通算700本塁打達成のプホルス 大不振の6月に引退を検討していた

史上4人目の通算700本塁打を達成するなど、2022年レギュラーシーズンの終盤戦を大いに沸かせたアルバート・プホルス(カージナルス)だが、快挙達成の瞬間は訪れない可能性があったようだ。プホルスはメジャーリーグ公式サイトによる取材のなかで「シーズンを全うせずに引退する可能性があった」ことを告白。開幕前には「22年目のシーズンをプレーすべきか何度も自問自答した」というプホルスだが、周囲のサポートもあり、シーズン途中でユニフォームを脱ぐことはなかった。
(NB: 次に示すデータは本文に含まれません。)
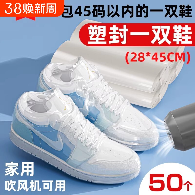 装鞋子收纳袋神器热缩膜吹风机可用塑封膜防潮防尘鞋套防氧化密封

6月のプホルスは13試合に出場してわずか6安打、打率.158、0本塁打、2打点、OPS.425と悲惨な成績だった。思うようなスイングができず、周囲のサポートがなければシーズン途中での現役引退を決断していた可能性があったという。しかし、プホルスは「頑張ろうって決めたんだ。大不振が1年中続くわけではなく、遅かれ早かれ良い方向に向かうだろうとわかっていたからね」と引退を踏みとどまった。詳細は明らかにされていないものの、シーズン中に決定的な転機があり、プホルスはそこから一気に復調。8月に8本塁打、9月に7本塁打を量産し、最終的には通算703本塁打まで数字を伸ばした。

通算700本塁打のマイルストーンについて無関心を装ってきたプホルスだが、「多くの人々のために達成したいと思っていたから、本当に辛かったんだ」と本音を口にした。「私のことを愛してくれて、私のキャリアをいつも支えてくれる人たちがいる。その人たちのために達成したかった。プレッシャーという言葉は使いたくないけれど、本当に達成したいと思っていた」とプホルス。そうした思いを持っていたからこそ、思うようなスイングができなかった6月はより一層辛かったのかもしれない。

通算700本塁打を達成して喜びを爆発させたプホルスだが、もう1つ目標がある。それはもちろん、カージナルスが11年ぶりのワールドシリーズ制覇を成し遂げることだ。メジャー有数の常勝軍団として知られるカージナルスだが、プホルスがエンゼルスへ移籍した2012年以降は1度も頂点に辿り着いていない。「最後の年だからベストを尽くしたい。そして、そのベストというのは優勝を勝ち取ることだ」とプホルス。大不振を乗り越えて劇的な復活を遂げた42歳のスラッガーはチームを11年ぶりの頂点へと導くことができるのか。球史に残る名打者が有終の美を飾ることができるか注目だ。